In an alternative example, the ICAT chip may be embedded in the AMD processor and may appear to the outside world as being an AMD processor.

In yet another example, the ICAT chip may be embedded in an Intel processor and may appear to the outside world as an Intel processor.

Surprisingly, while the ICAT chip appears to the outside world as a standard non-reconfigurable non-pipelined processor capable of executing instructions at a rate comparable to only standard processors, the ICAT chip executes instructions at a rate that is surprisingly and unexpectedly 100 times to 200,000 times faster than the standard processors facing the world, without having to rewrite programs written for standard processors. This simplifies the cumbersome task of rewriting code to run on the FPGA, ultimately making it available to the average programmer. In one example, the AMPC does not generate the runtime code of the ICAT chip. Instead, it precompiles the program and separates out the instructions that are best suited for RAPC. The AMPC then generates code for setting individual RAPCs of the plurality of RAPCs on an ICAT chip (or elsewhere, in one example, using multiple ICAT chips operating in parallel), and the RAPCs then operate pipelined and in parallel. Alternatively, the RAPC may be reconfigured in real time based on an instruction received by the ICAT or a history instruction previously received by the ICAT chip. Therefore, if the ICAT chip is used for a similar purpose all the time, the ICAT chip can learn to operate at an increasingly faster speed over time. This occurs naturally if the RAPC is configured in real time to solve new logic and mathematical equations while properly maintaining the old logic and mathematical configuration based on, for example, first-in-first-out or last-in-use last-in-last reconfiguration. If used frequently, the set of RAPCs reconfigured for a particular purpose will not be reconfigured for another purpose until there are no other RAPCs available for the new algorithm requiring a RAPC, e.g., if the most recently used reconfigured algorithm is employed. In this way, the most common algorithms will not need to be configured, but are pre-configured in previous uses.
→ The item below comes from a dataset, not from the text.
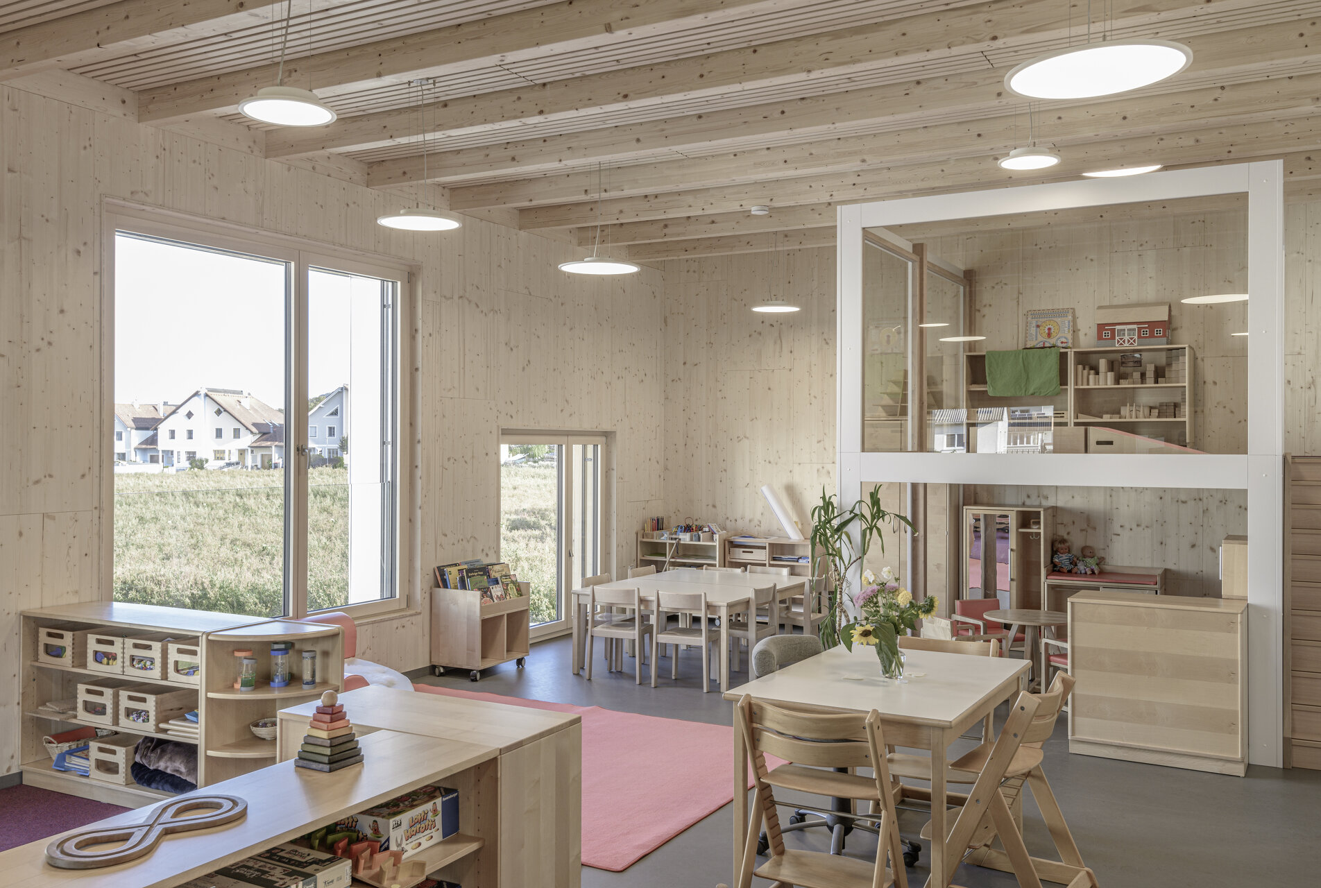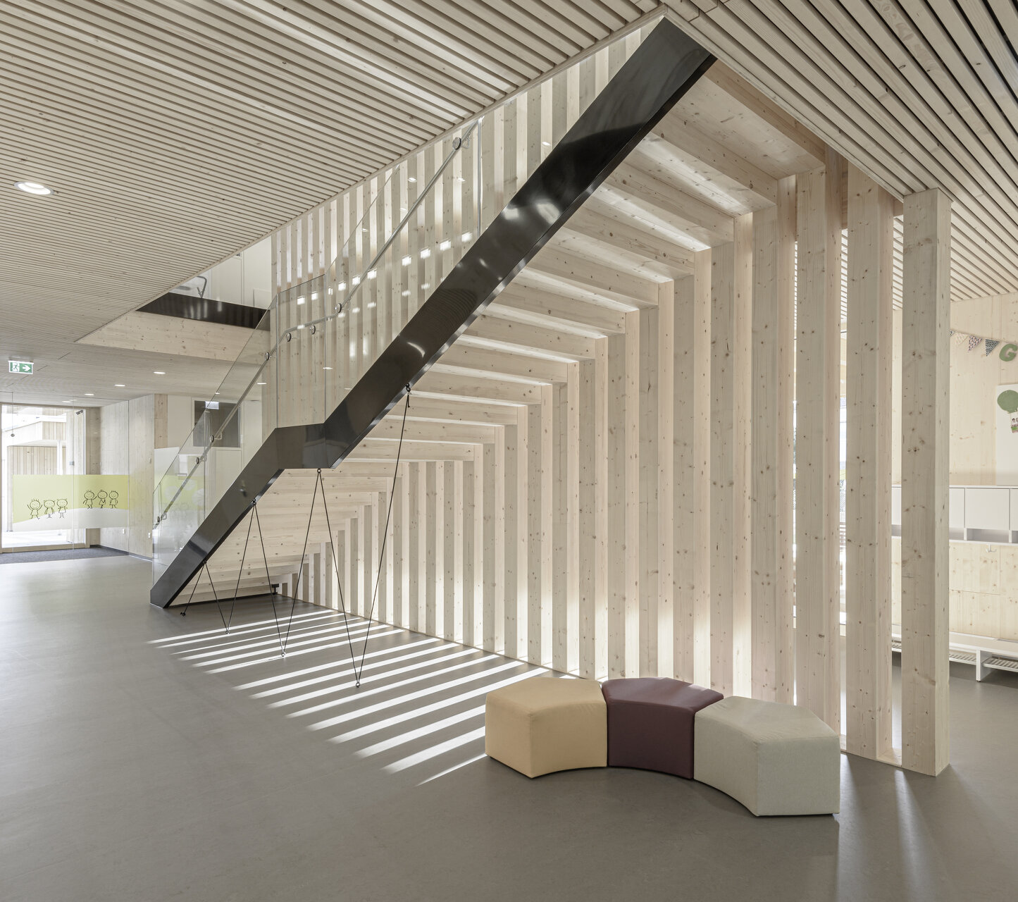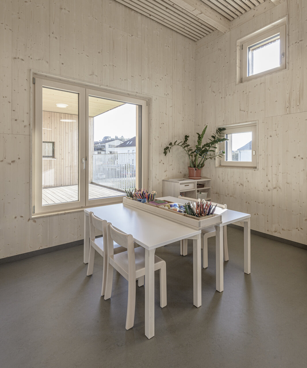 Links und rechts der Halle sind auf zwei Geschossen alle Funktionsbereiche für drei Kindergartengruppen, zwei Krabbelgruppen und eine Wechselgruppe übersichtlich aufgereiht.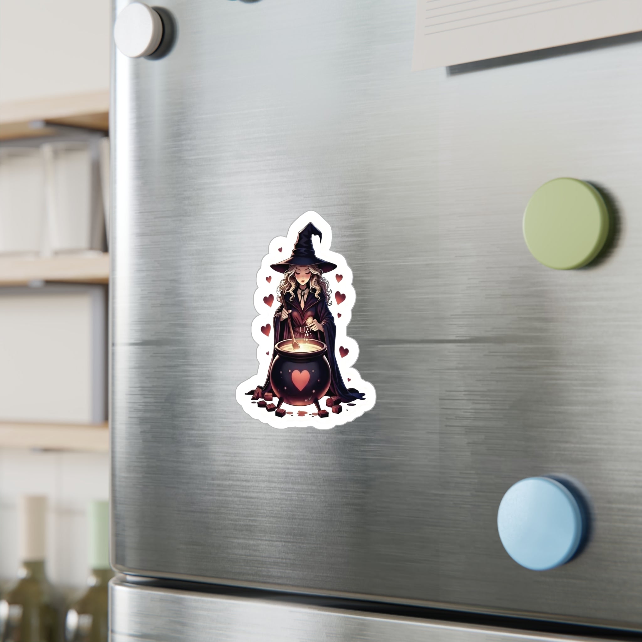 A small spell of charm for your things—this satin-finish vinyl decal shows a witch stirring a heart-marked cauldron, surrounded by drifting hearts. It feels cozy and whimsical, the kind of art that settles on a water bottle, laptop, or window and quietly changes the mood of whatever it touches. The soft satin surface keeps colors vivid without harsh glare, while the subtle white kiss-cut border gives the design a neat, hand-cut look. Weather-resistant and removable, it travels with you from rainy street corners to sunlit porches without losing its warmth.

The RAPC, when configured by the central processing unit, operates without overhead, executing instructions until mathematical, logical and iterative instructions (which the RAPC has been configured) have been completed.
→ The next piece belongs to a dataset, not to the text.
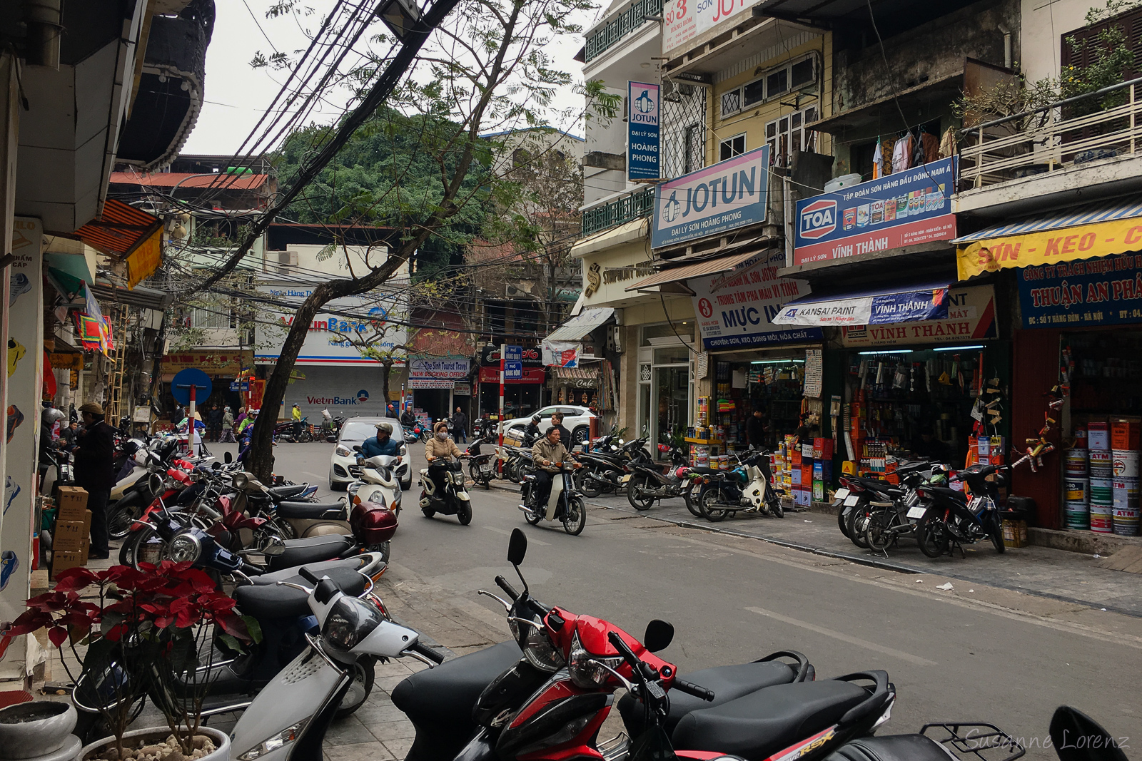 Der Charme dieser wurligen Stadt hat mich letztes Jahr schon komplett in seinen Bann gezogen, und es ist wunderschön, Ende Februar wieder hier zu sein. Wir kommen am frühen Vormittag an. Da wir letztes Jahr schon viel gesehen hatten, verspüren wir keinerlei Sightseeing- oder Fotografier-Druck, lassen uns einfach durch das Gassengewirr treiben, schauen die katholische Kathedrale an und verspeisen eine leckere Pho Bo an einem Straßenrestaurant - was haben wir uns darauf gefreut! Es ist relativ frisch, um die 17 Grad, was viele Vietnamesen dazu veranlasst, Daunenjacken und Ohrenschützer zu tragen. Für uns zum Eingewöhnen gerade richtig.

In one example, the ICAT chip includes a setting register, and the AMPC generates an instruction for setting the setting register of the ICAT chip, the AMPC configuring the RAPC to complete the specific instruction. RAPC runs continuously at initialization without further supervision by the central processing unit. In one example, the AMPC receives RAPC hardware data from a hardware compiler (such as a Verilog or Vivado hardware compiler). The hardware file may be generated by a hardware compiler and may be used by the AMPC to generate code of configuration data written to the setting registers of the ICAT chip (or the setting registers of multiple ICAT chips in one example).

In one example, the AMPC extracts configuration data for the setting registers of the ICAT chip from a program written in a high-level programming language (such as "C") for a standard processing architecture. For example, the AMPC ignores the overhead instruction and generates the code for the setting register of the ICAT chip from the following program: 1) arithmetic instructions and data; 2) logical decisions and data; 3) branch or call/return instructions and targets; 4) iterative loops, decisions and data; 5) the DSP sets routines and data; and 6) code entry point tags for loops and branches. For example, AMPC uses these instructions to configure the ICAT's setup registers to configure the DSP to perform mathematical algorithms, to configure LDP for logic decisions and values for LDP look-up tables, and to configure the MBS for branching, calling, and returning target tags that map to entry points and allocated addresses in various processing algorithms in the ICAT hardware. For example, the RAPC hardware table is constructed for each RAPC and contains DSP, LDP and MBS configuration tables. For example, DSP, LDP and MBS are configured for common use in RAPC, but when DSP or LDP is not needed, then RAPC can be reconfigured, and even such common structures of AMPC and ICAT architectures can be omitted. Thus, while DSPs, LDPs and MBS exist in some RAPCs, other RAPCs may have different structures specific to code to be run on an ICAT processor.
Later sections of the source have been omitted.